» WHAT YOU WILL DO
Below are records. Transcribe exactly the lines from the one that contains "A contemporary push" through the last line, leaving any pictures out.

Stored dataset items

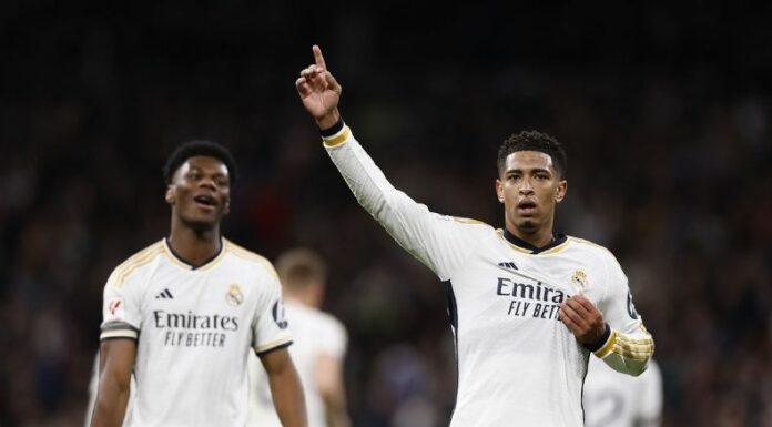 Jude Bellingham alzó sus brazos este sábado en el ‘Bernabéu’, celebrando su doblete con la camiseta merengue durante el partido entre Real Madrid y Girona. Otra exhibición más del joven mediocampista, que no conoce límites y ya igualó la marca de David Beckham como máximo goleador inglés en el equipo blanco, ambos con 20, con 126 encuentros menos que el galáctico.
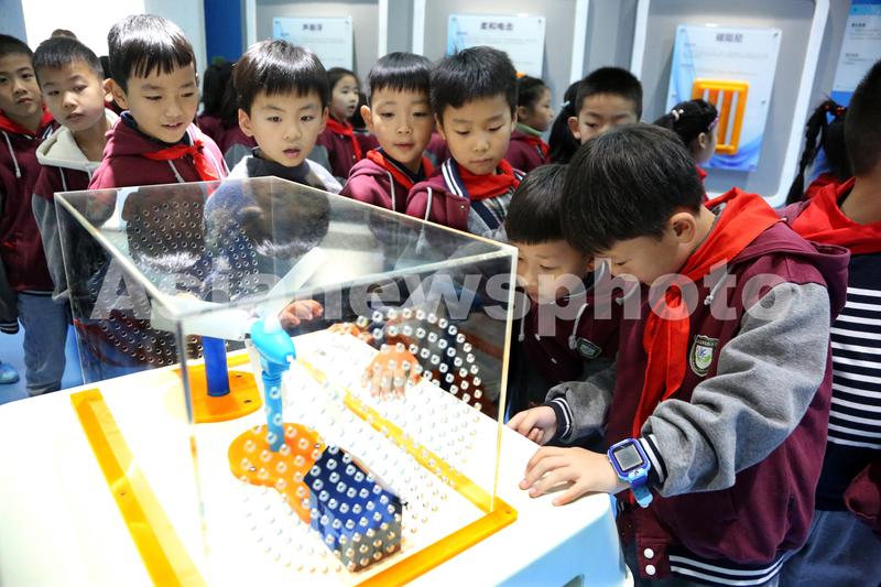图片说明:11月5日,连云港市连云区院前小学的学生们在参观校园科技馆。
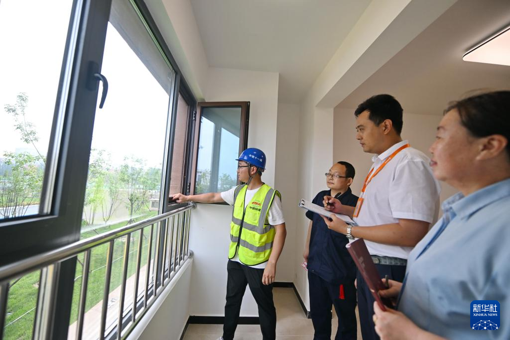 7月3日,中铁十一局集团工作人员在保定市城中村改造小营坊安置区新建楼房内向物业工作人员及业主介绍窗户质量情况。
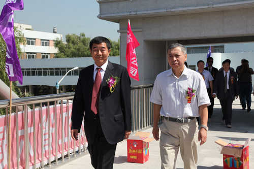 横跨学海街、连接我校东、西两校区的过街天桥工程,今天上午举行了竣工剪彩仪式。省发改委和松北区政府各主管部门的领导、校党委书记刘德权、副校长于树彬和校内各有关部门的领导、学生代表,设计、施工、监理等单位的领导参加了剪彩仪式,党委宣传部部长李德学教授主持仪式。省发改委朱建忠处长、松北区建设局高海庆局长、校党委书记刘德权、教师代表谭士元、学生代表王苏然、省六建建筑公司宋祝总经理,欣然为过街天桥的落成通行进行了剪彩。
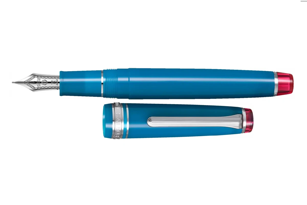 De pen is afgewerkt met zilveren details en een 14K gouden penpunt, en wordt geleverd met een converter.
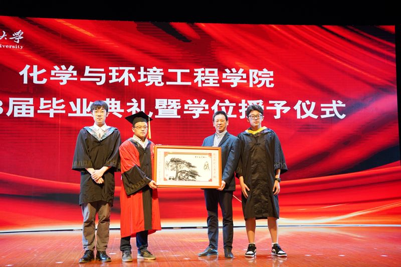 毕业生代表李硕人、李文泽向母校赠送纪念品,表达对母校和恩师依依眷念和深切祝福。
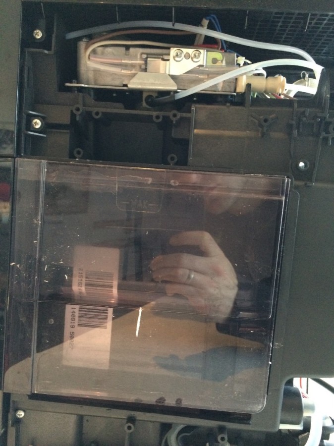 Maschine heizt auf, aber beim Spühlen schießt nun das heiße Wasser aus der Öffnung seitlich über dem Wassertank (Abdeckung seitlich ist entfern) raus, sieht wie der Eingang zum obk aus.
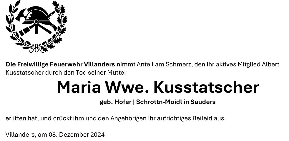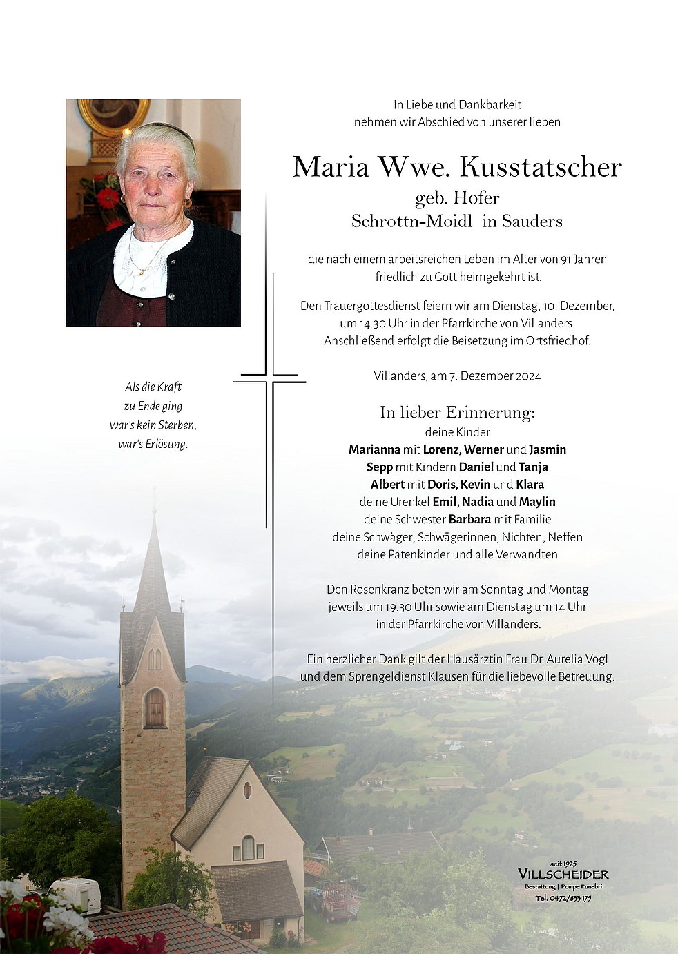 Begräbnisgottesdienst: 10.12. - 14:30 Uhr Villanders
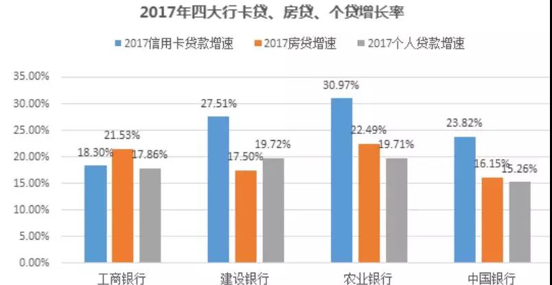 融360数据显示,在2017年,工行、建行、农行、中行的卡贷同比增速分别达到18.3%、27.51%、30.97%和23.82%,尽管不排除由于房贷受限、部分卡贷流向房地产市场,但是建行、农行、中行的卡贷增速仍然大幅领先于房贷和个贷增速。
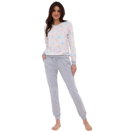 Dámské pyžamo 740/379 Star 2 CORNETTE - z vysoce jakostní bavlny - bílé tričko s dlouhými rukávy - se vzorem - dlouhé šedé kalhoty - šedé lemování - v pase šňůrka - pyžamo je vhodné i na denní nošení
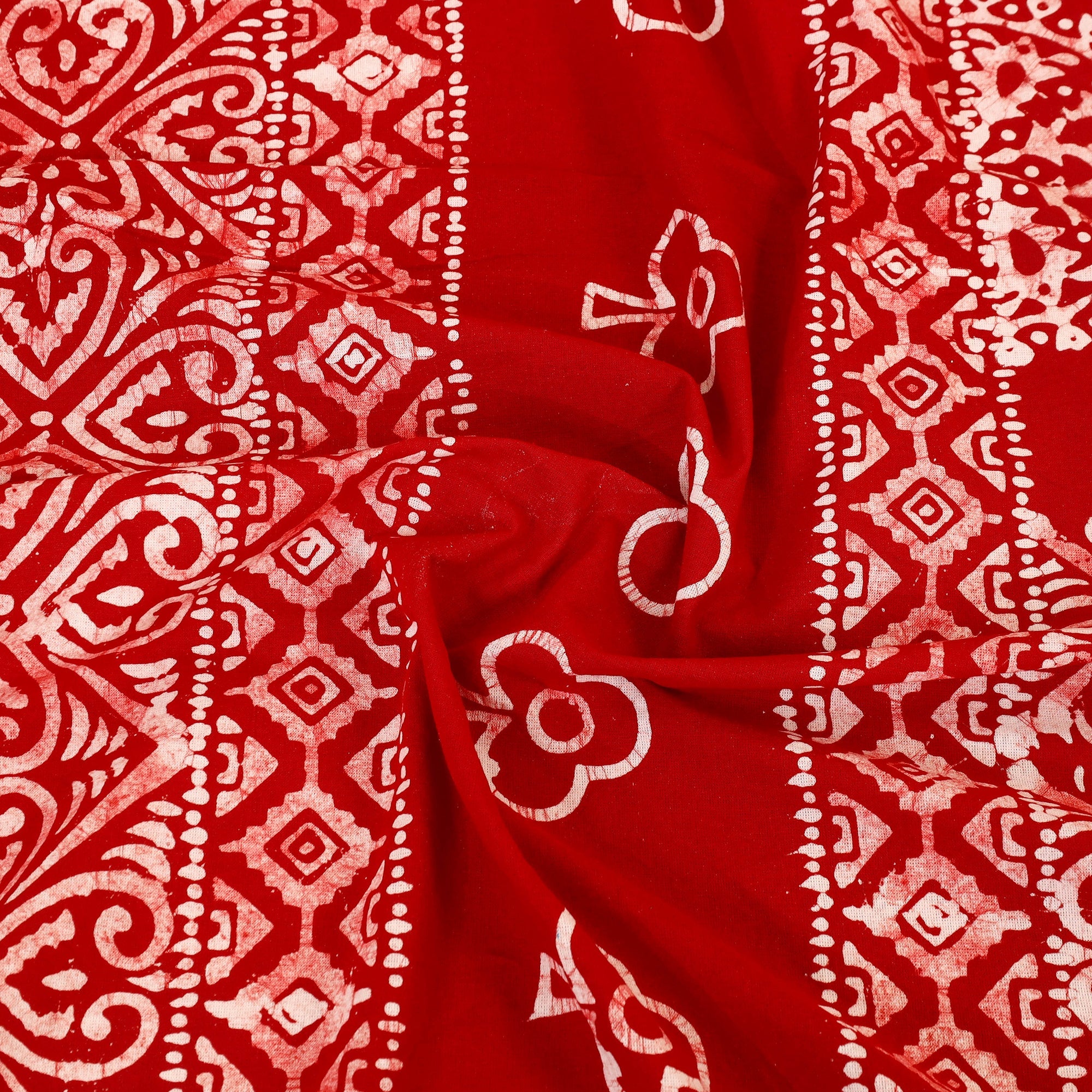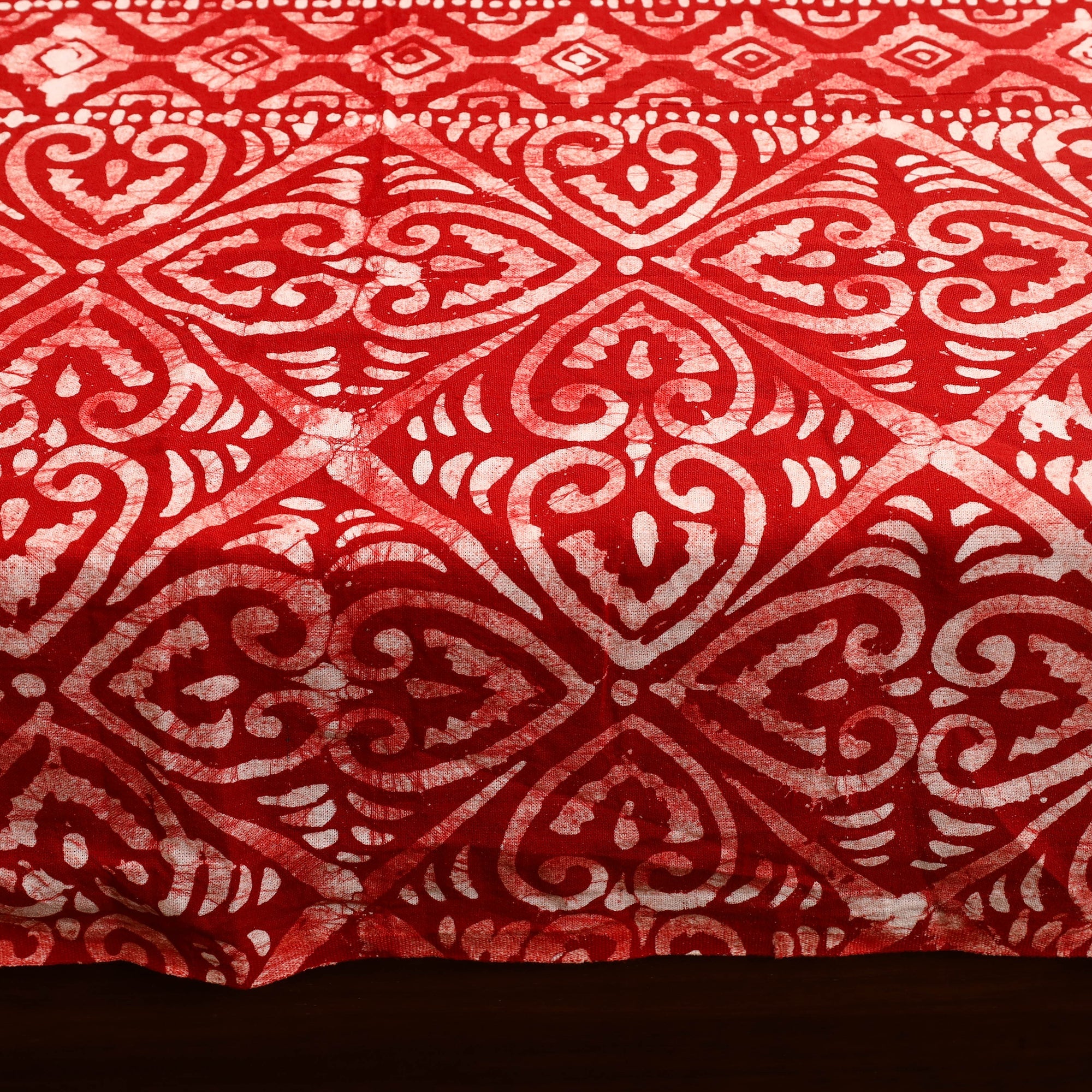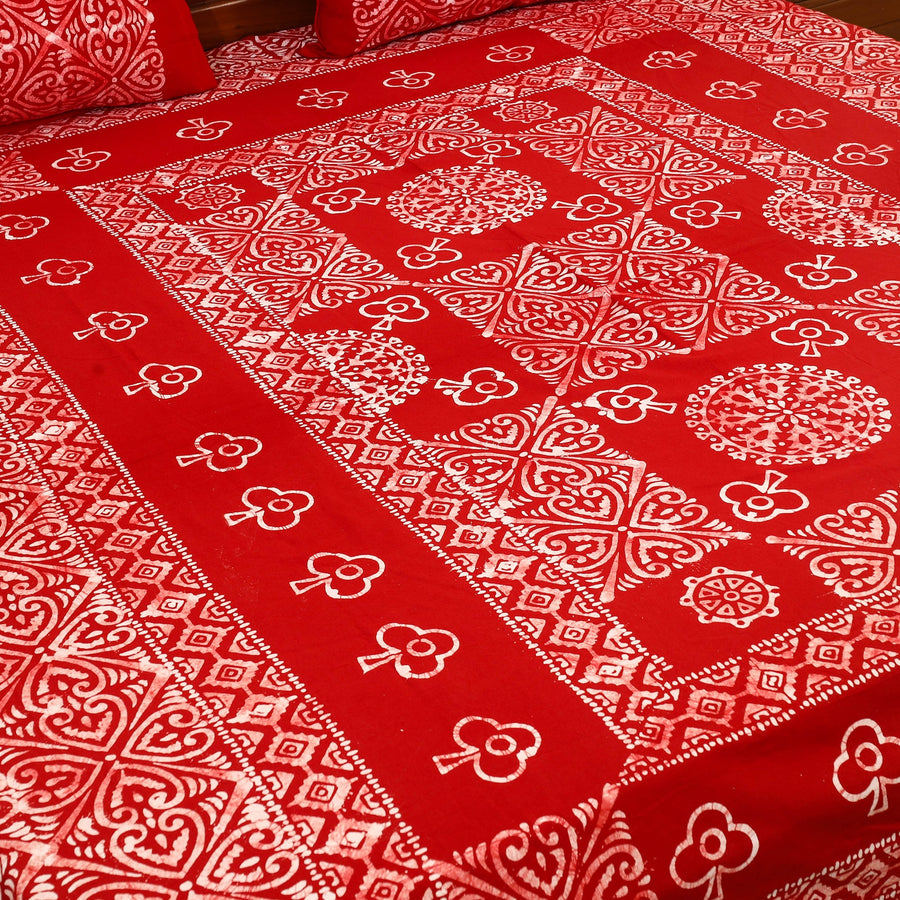 Fine-quality cotton double hand batik print red bed sheet set with matching pillow covers from Ujjain, Madhya Pradesh. Batik is a technique of wax-resist dyeing applied to whole cloth, or cloth made using this technique. This batik cotton bed sheet ensures comfort while adding a touch of cultural elegance to your decor.
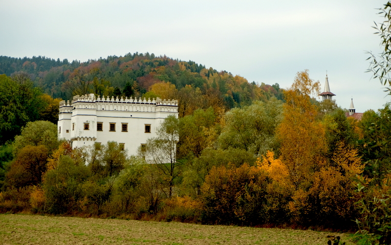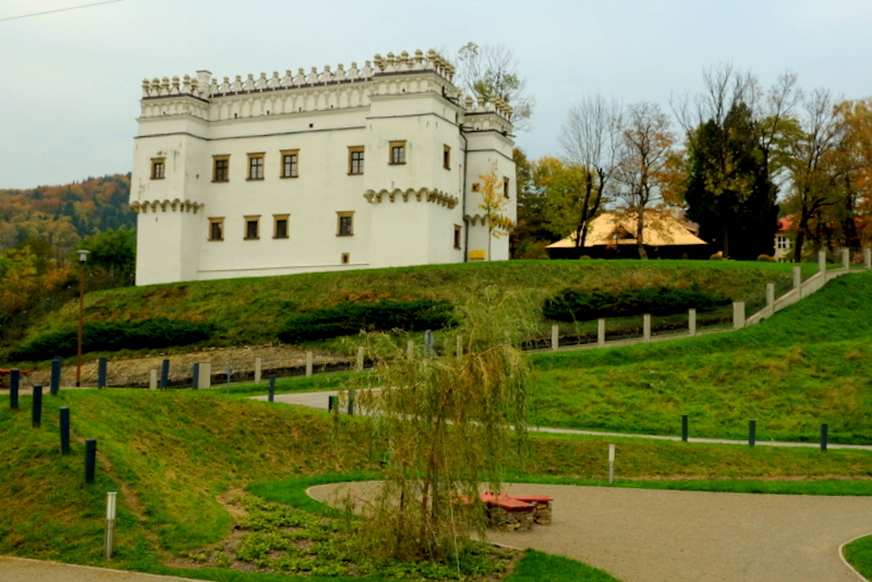 Skręcając przed mostem w prawo kierujemy się w stronę centrum Szymbarku. Wkrótce dochodzimy do malowniczo położonego zamku (kasztelu) na stromym brzegu, nad zakolem Ropy.
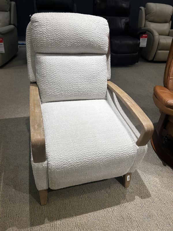 A contemporary push back recliner offers the best in comfort and style, this piece features a solid wood base and arm detail in a neutral coastal finish, as well as a soft on-trend fabric that coordinates with any decor. When you want to recline, simply push back through the arms and feel yourself relax into the comfortable back cushion. A hidden ottoman extends to support your legs in recline, while a plush headrest ensures comfort from head to toe. Even better, this recliner has tension adjusters under the chair, which allow the ease of recline to be tailored to the users' height, strength and weight.
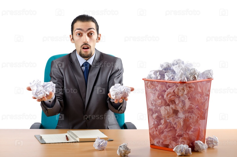 Занятой бизнесмен с большим количеством макулатуры
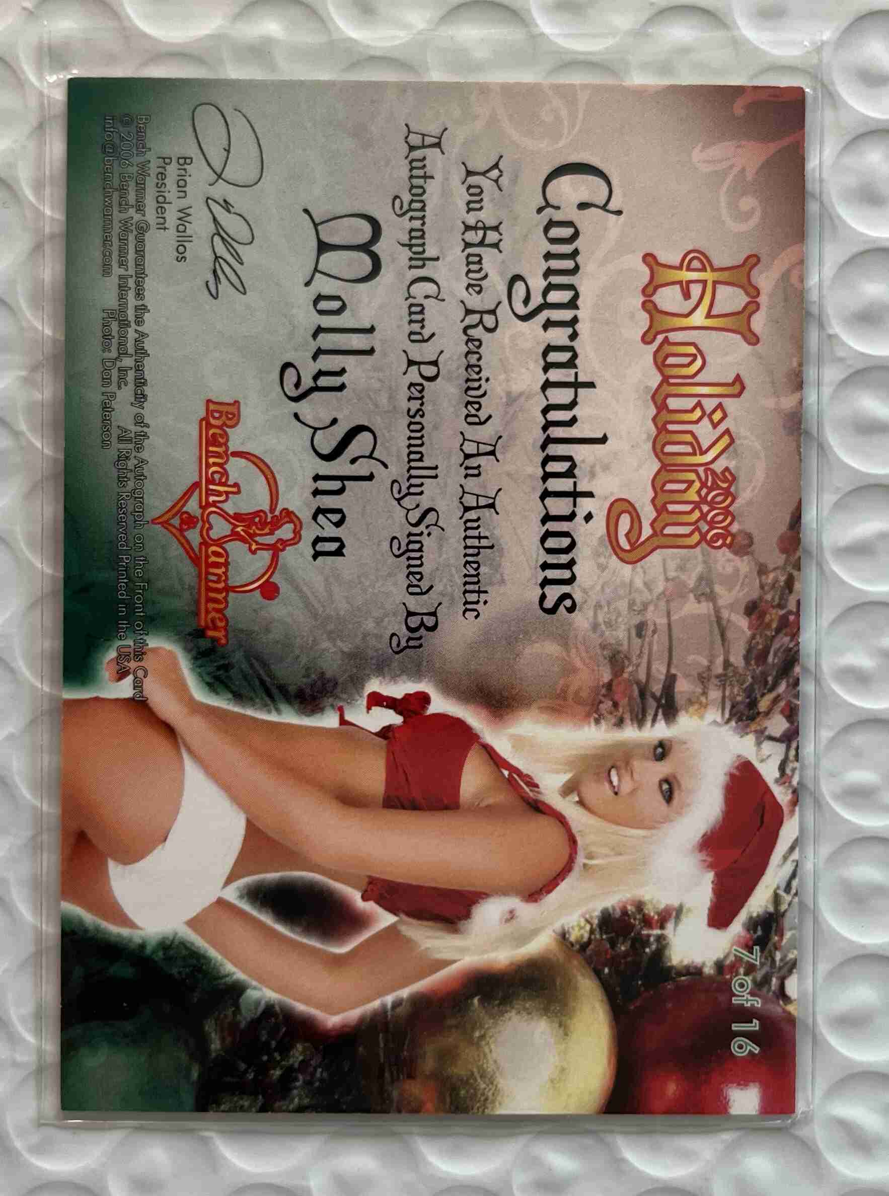 This auction is of a 2006 Benchwarmer Molly Shea Autograph card. Card is in Nrmt condition. Look at the pics and judge for yourself. If any questions please feel free to contact me. Thank you for looking at my auctions.
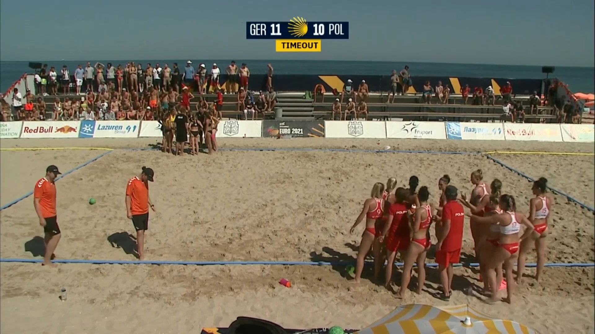 Highlight vom Video-Livestream der Gruppenspiele des vierten Tages der EHF Beach Handball EURO 2021 in Bulgarien am 16.07.2021 - Deutschland vs. Polen.
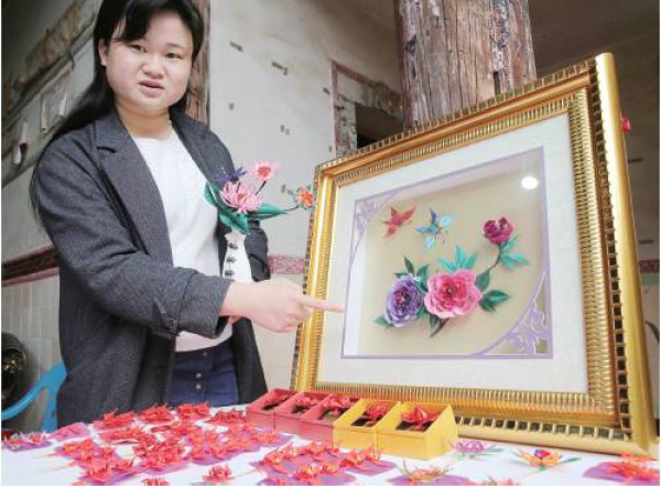 为了提升春仔花的价值,洪晓瑜空闲时期,也在思考如何让春仔花变换花样。她尝试着将制作春仔花的技术用在挂画的制作上,利用几个月的时间成功做出了一幅全部由春仔花组成的画,看上去十分漂亮且新颖。“平时有朋友或客户来的时候,我都会把这幅画拿出来给他们看,大多数的人都很喜欢,但想要将这样的创新画作当成商品出售,我有点舍不得,也不知道该如何定价。”洪晓瑜说,一幅画的制作需要耗费几个月的时间,但由于春仔花的成本低廉,大家对于画的价值又会出现偏差。“对我来说,卖高了,大家不认可,卖低了,又对不起我花费的时间。”洪晓瑜说,自己还在继续寻找合适的方法,让春仔花能够成为民间流行的饰品。
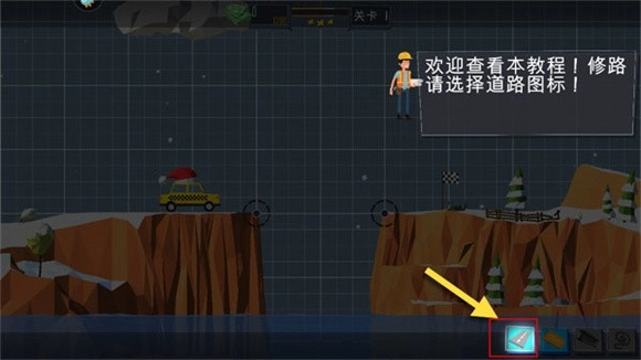 1、启动游戏后会出现一个开始按钮,点击该按钮即可进入搭桥铺路的游戏关卡界面。此时会有新手引导,在修路过程中请选择道路图标。

» THE ANSWER
 A contemporary push back recliner offers the best in comfort and style, this piece features a solid wood base and arm detail in a neutral coastal finish, as well as a soft on-trend fabric that coordinates with any decor. When you want to recline, simply push back through the arms and feel yourself relax into the comfortable back cushion. A hidden ottoman extends to support your legs in recline, while a plush headrest ensures comfort from head to toe. Even better, this recliner has tension adjusters under the chair, which allow the ease of recline to be tailored to the users' height, strength and weight.
 Занятой бизнесмен с большим количеством макулатуры
 This auction is of a 2006 Benchwarmer Molly Shea Autograph card. Card is in Nrmt condition. Look at the pics and judge for yourself. If any questions please feel free to contact me. Thank you for looking at my auctions.
 Highlight vom Video-Livestream der Gruppenspiele des vierten Tages der EHF Beach Handball EURO 2021 in Bulgarien am 16.07.2021 - Deutschland vs. Polen.
 为了提升春仔花的价值,洪晓瑜空闲时期,也在思考如何让春仔花变换花样。她尝试着将制作春仔花的技术用在挂画的制作上,利用几个月的时间成功做出了一幅全部由春仔花组成的画,看上去十分漂亮且新颖。“平时有朋友或客户来的时候,我都会把这幅画拿出来给他们看,大多数的人都很喜欢,但想要将这样的创新画作当成商品出售,我有点舍不得,也不知道该如何定价。”洪晓瑜说,一幅画的制作需要耗费几个月的时间,但由于春仔花的成本低廉,大家对于画的价值又会出现偏差。“对我来说,卖高了,大家不认可,卖低了,又对不起我花费的时间。”洪晓瑜说,自己还在继续寻找合适的方法,让春仔花能够成为民间流行的饰品。
 1、启动游戏后会出现一个开始按钮,点击该按钮即可进入搭桥铺路的游戏关卡界面。此时会有新手引导,在修路过程中请选择道路图标。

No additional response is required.